His suggestion to Ministers is not to talk anymore about plans or the project but to decide on the size and the numbers of what had to be done now, and that the decision for this is the end of June.

''It is the moment of truth. I do not think we can postpone any longer this decision. If we were to do that, we can put the entire project at risk,'' he said, adding: ''I strongly believe that postponing decisions on cuts in subsidies and tariffs and size to later in the year is a recipe for failure, and I would not recommend it.''

In response to a question, Lamy said that the three columns are already there and they all need to be topped up. The key question is by how much this top-up needs to be done, and that is for the Ministers to decide.

Lamy said that his own intuition for a magic number would be around the number 20 - in reference to the G20 proposal on agriculture (presumably on market access), the coefficient 20 for the Swiss formula for developing countries in NAMA, and below $20 billion for the US in overall trade-distorting domestic support.

He added that however, the ambition in agriculture, NAMA and domestic support is not a simple matter of numbers that would do the trick.
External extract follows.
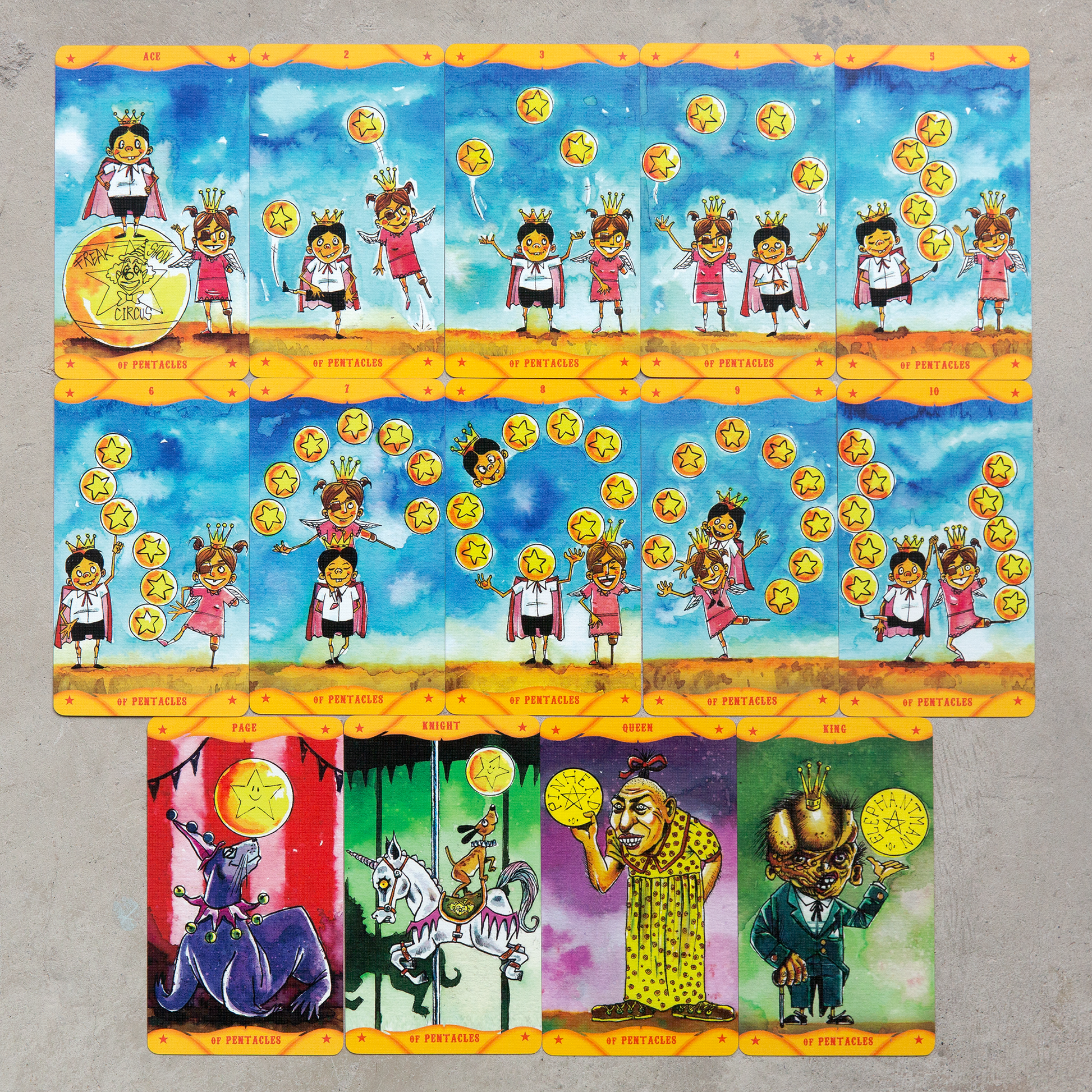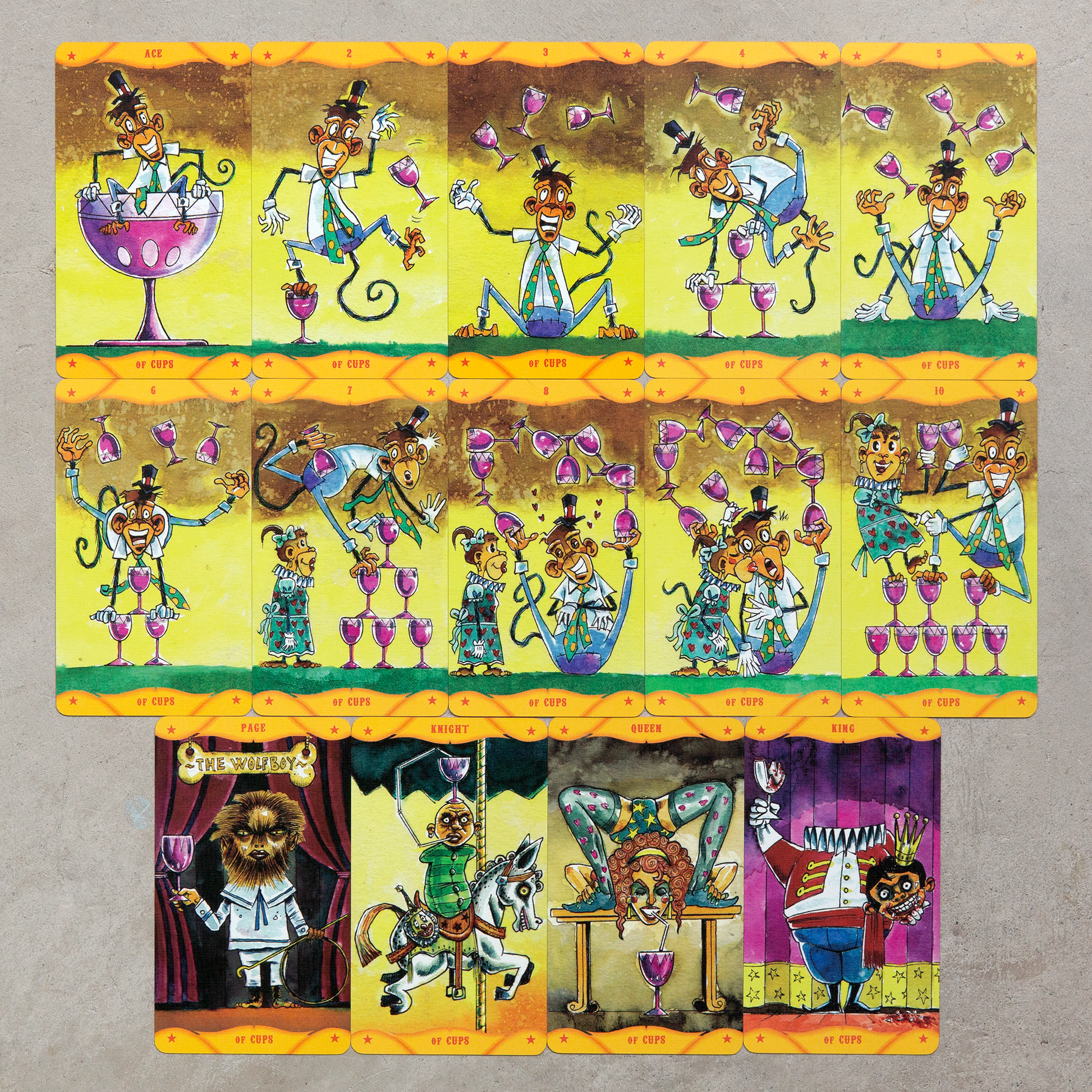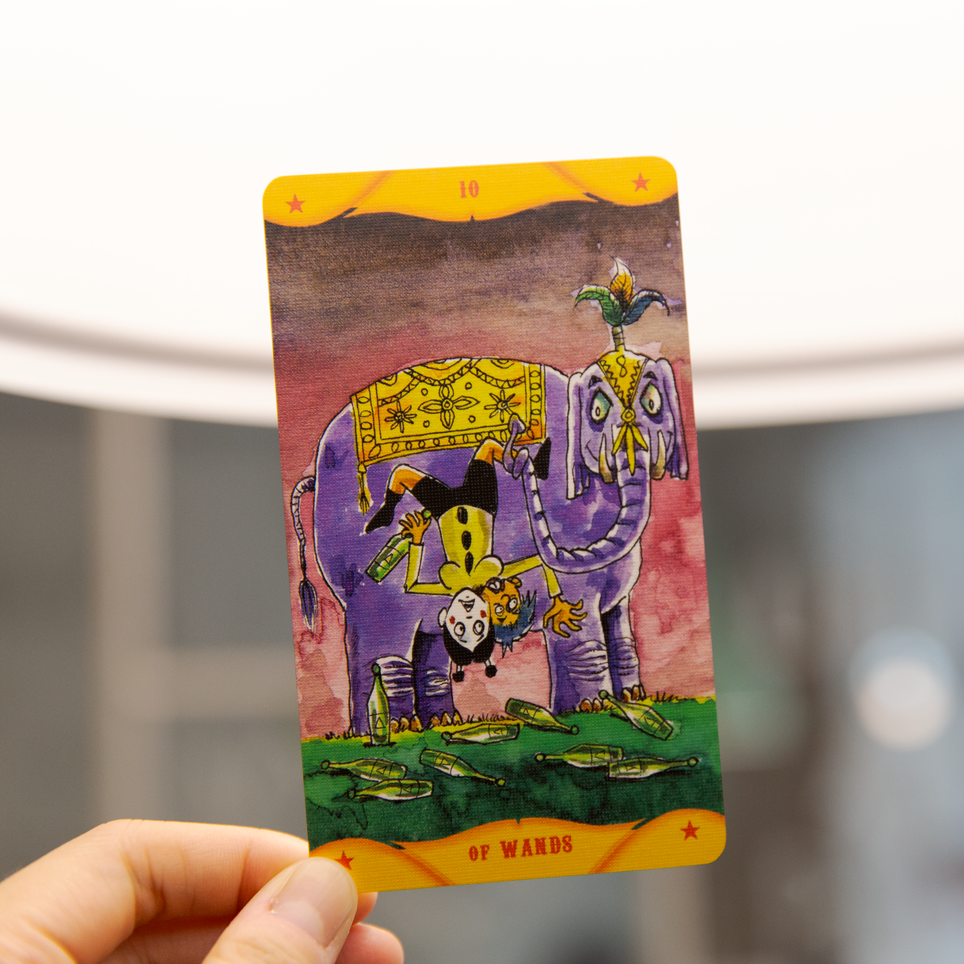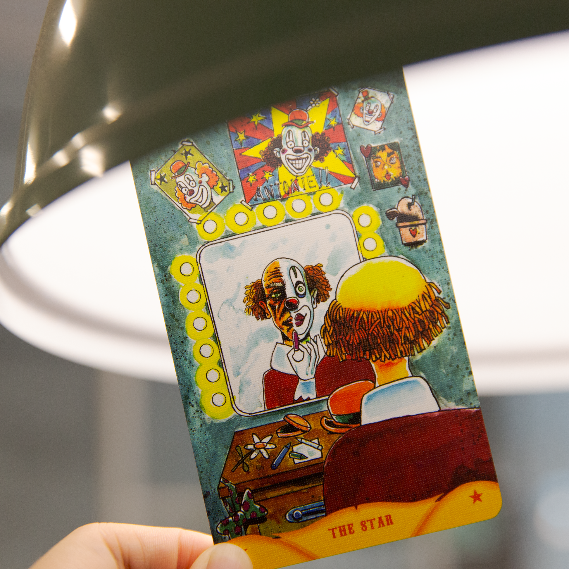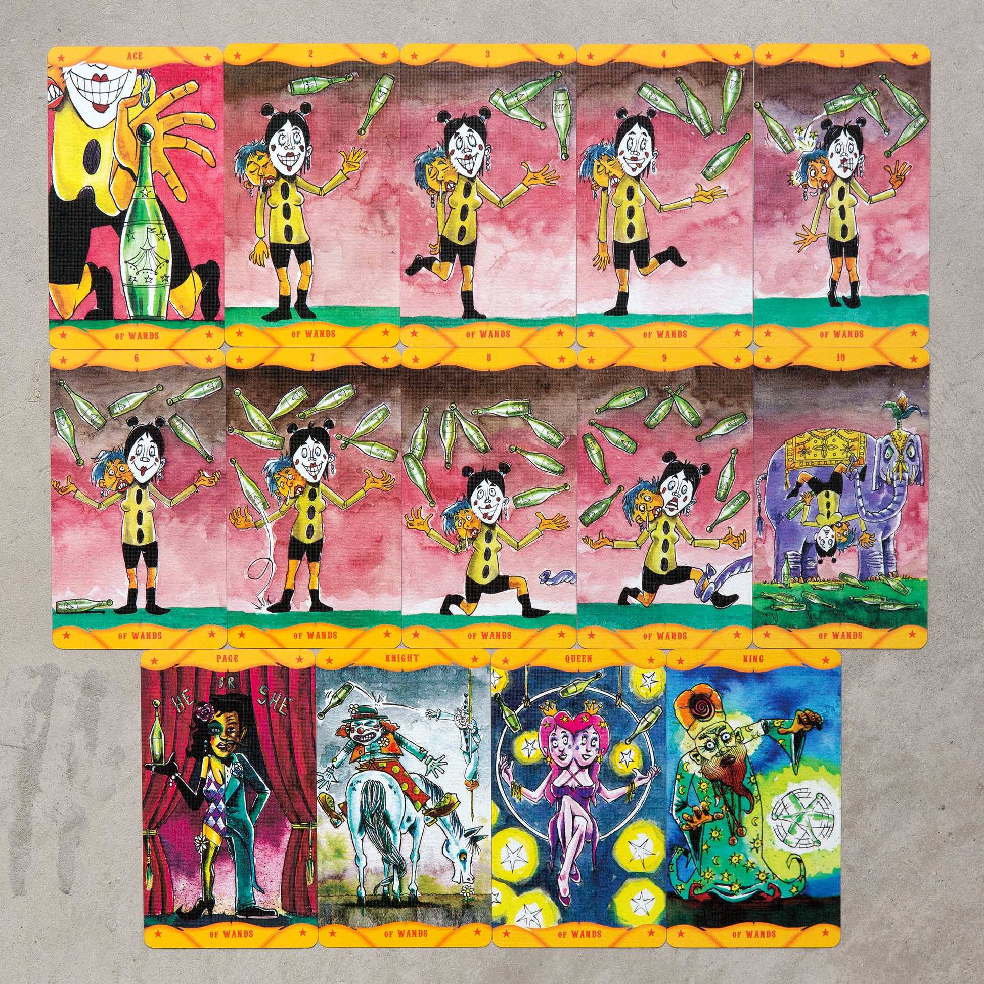 Blending the mystique of tarot with the razzle-dazzle of the big top, this nostalgic deck is your ticket to a spiritual extravaganza! Dressed to impress in a circus poster style, it bursts with cartoonish vibrancy and line work as intricate as a high-wire act. Tarot archetypes take center stage as circus icons – from clowns, magicians, and acrobats to lion tamers, knife throwers, and twin mermaids. Each card performs its own act, brimming with eccentric charm, grotesque humor, and most importantly – emotional depth. Whether you're juggling questions or taming your inner beast, join us – if you dare.

There are levels of ambition and flexibilities as well, and the details of the flexibilities are vitally important; for instance, how many sensitive products would have a serious impact on market access...

Lamy was asked to comment on the statement that "No deal is better than a bad deal" that some US congress members had made. Is the magic 20 a good enough deal?

He replied that the idea that no deal is better than a bad deal is shared widely both within and outside the WTO, such as members of the US Congress and the "anti-trade NGOs."

"I agree with that, if a bad deal means that it is not ambitious enough. I can understand the members of the Congress to want more real trade flows. However, what's on the table is already higher than the cathedral that was built 12 years ago. If we look at domestic subsidies and tariffs, it's a higher column. We are looking at a Swiss and banded formula for making tariff cuts, which eliminates tariff peaks, which we know are the main barriers to trade. So, it is already more ambitious than the previous round. The question is how much more ambitious."

Lamy said that even the lowest proposal right now is better than the most ambitious in the Uruguay Round. "We are talking about capping, reviewing the green box, even the G20 proposal of 36% tariff cuts for developing countries in agriculture, and the application of the formula in NAMA and the banded approach in agriculture -- it hits high tariffs and peaks..."

Lamy added that the important thing is for ministers to be aware that later is not possible. "We operate under the constraint of the single undertaking. There are anti-dumping, trade facilitation, fisheries, and other issues." If the modalities are deferred these issues cannot be dealt with by the end of the year.

What was needed is to establish the modalities to allow members to draft schedules. Postponing the stage of drafting schedules of commitments would make the whole thing become technically impossible.